To further analyze the relationship between the TssZR5A/R9A/HinK complex and PqsR in regulating the expression of HSI-I, we examined the HA-tagged TssB1 expression by overexpressing PqsR in tssZR5A/R9AΔpqsR and ΔhinKΔpqsR mutants. The same strains harboring an empty pUCP18 vector were used as negative controls. We observed that PqsR-overexpression resulted in a significantly decreased TssB1 expression in tssZR5A/R9A mutation and hinK deletion strains. This indicates that the regulation of HSI-I by TssZR5A/R9A and HinK is dependent on the expression level of pqsR in cells (Fig. 6E). In totality, our work established a connection between TssZ, HinK, and PqsR in the HSI-I regulatory pathway.
Discussion
P. aeruginosa, an opportunistic pathogen frequently associated with nosocomial infections, is able to adapt to and survive a variety of conditions.
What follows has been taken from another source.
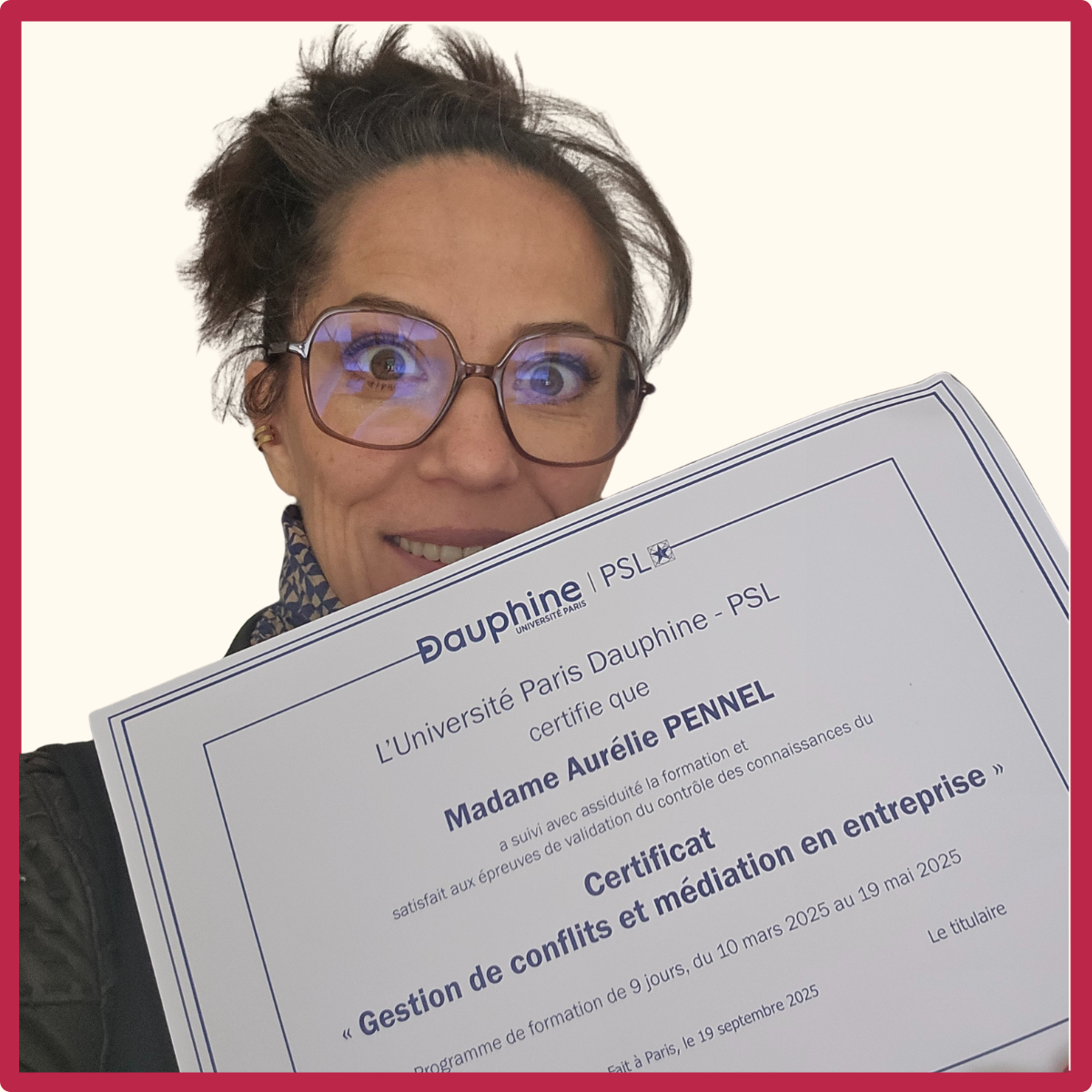 C'est cette prise de conscience qui m'a menée à me former à la médiation en entreprise, et à obtenir mon titre RNCP de médiatrice.

C-di-GMP has emerged as a vital second messenger that plays a pivotal role in enabling P. aeruginosa’s response to environmental stimuli. C-di-GMP translates environmental cues into cellular responses such as bacterial motility, cell cycle transition, and virulence expression (49). This molecule also facilitates the transition from the planktonic state to the biofilm state, enabling adaptation to hostile environments (50). Various receptors such as PilZ domain proteins, GGDEF domain proteins, and EAL domain proteins that mediate the regulatory functions of c-di-GMP have been characterized (51). Among these, PilZ domain proteins are the most prevalent c-di-GMP receptors (25) and previous studies have identified key RxxxR and [D/N]xSxxG motifs that are necessary for binding c-di-GMP in the canonical PilZ domain (52, 53).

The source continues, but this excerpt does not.